Jeśli nie bierze się torby, polecam minimalizować wszystkie posiadane rzeczy. Na przykład sięgać po małe portfele:
https://kielban.pl/2015/04/portfel-dla-eleganckiego-mezczyzny/
Czy brać mniej kluczy.
Jako asystentka towarzyszę Prezesowi w prawie każdej podroży. Moim zadaniem jest również dbać o każdy detal, przygotować i pilnować harmonogramu dnia oraz zapewnić najwyższy komfort i jakość obsługi. Szczerze mówiąc polecenia są czasem tak zaskakujące, że sprostać im, to prawdziwe wyzwanie. Plusem jest to, że od dłuższego wynajmujemy helikopter z Call&Fly, gdzie już nas znają i są przygotowani na wszystko. Bardzo ciekawie Pan pisze i wiele rad przyda się nawet kobietom. 😉 Pozdrawiam.
Teraz coraz częściej sie własnie stosuje takie rozwiązania. Ktoś może wynajmował np. samolot biznesowo?
Kilka razy korzystaliśmy z usług właśnie Call&Fly. Głównie latamy na linii Warszawa-Trójmiasto-Warszawa.

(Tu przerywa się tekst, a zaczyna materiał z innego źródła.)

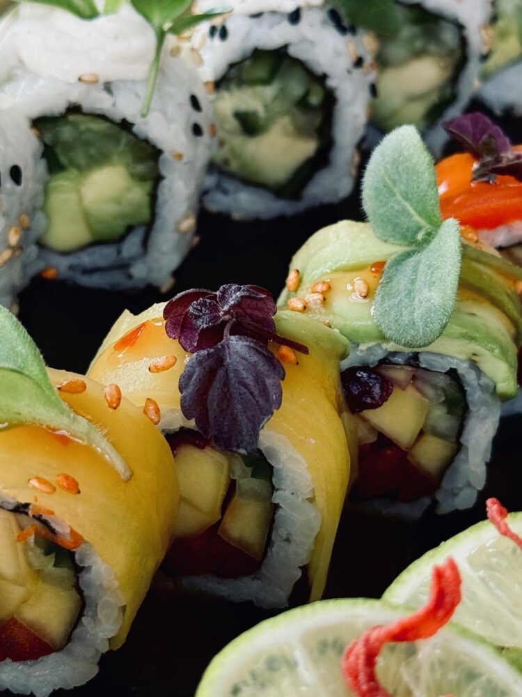 Grüner Tempura-Spargel/ Avocado/ Gurke/ Sesam/ Avocado-Topping & Avocado-Sauce

Rzeczywiście jest to bardzo wygodny sposób podróżowania (biorąc pod uwagę czas podróży, szybszą odprawę itd.)
A to oni z Okęcia latają?
Oczywiście. Latają z każdego lotniska na które ich zamówisz. My latamy z Bemowa bo jest szybszy dojazd z centrum, nie ma kontroli bezpieczeństwa przed odlotem i nie czeka się z dużym samolotami do startu. Nie tracimy zbędnie czasu na procedury dużego portu tym bardziej że sam dojazd na Okęcie jest często zakorkowany. Dzięki temu jak wynajmujemy samolot to wylatujemy faktycznie dwie godziny od rezerwacji.
Praktyczna sprawa taki samolot z Call&Fly. My na razie podróżujemy w firmie samochodami oraz pociągami, ale taka forma podróży kosztuje dużo czasu. Chciałbym właśnie zachęcić przełożonych do skorzystania z air taxi.
Wojciech Lipowski – na pewno warto przekonać przełożonych. Taki samolot to oszczędność czasu, także większy prestiż dla firmy.
Na pewno, wystarczy obejrzeć na stronie Call&Fly czym latają. Bardzo fajne maszyny. A tak poza tym, sumując koszty takiego lotu rejsowego (dojazd, odprawa, lot, taxi, dojazd, powrót) bardziej opłaci się lot czarterowy w Call&Fly. Masz powrót tego samego dnia.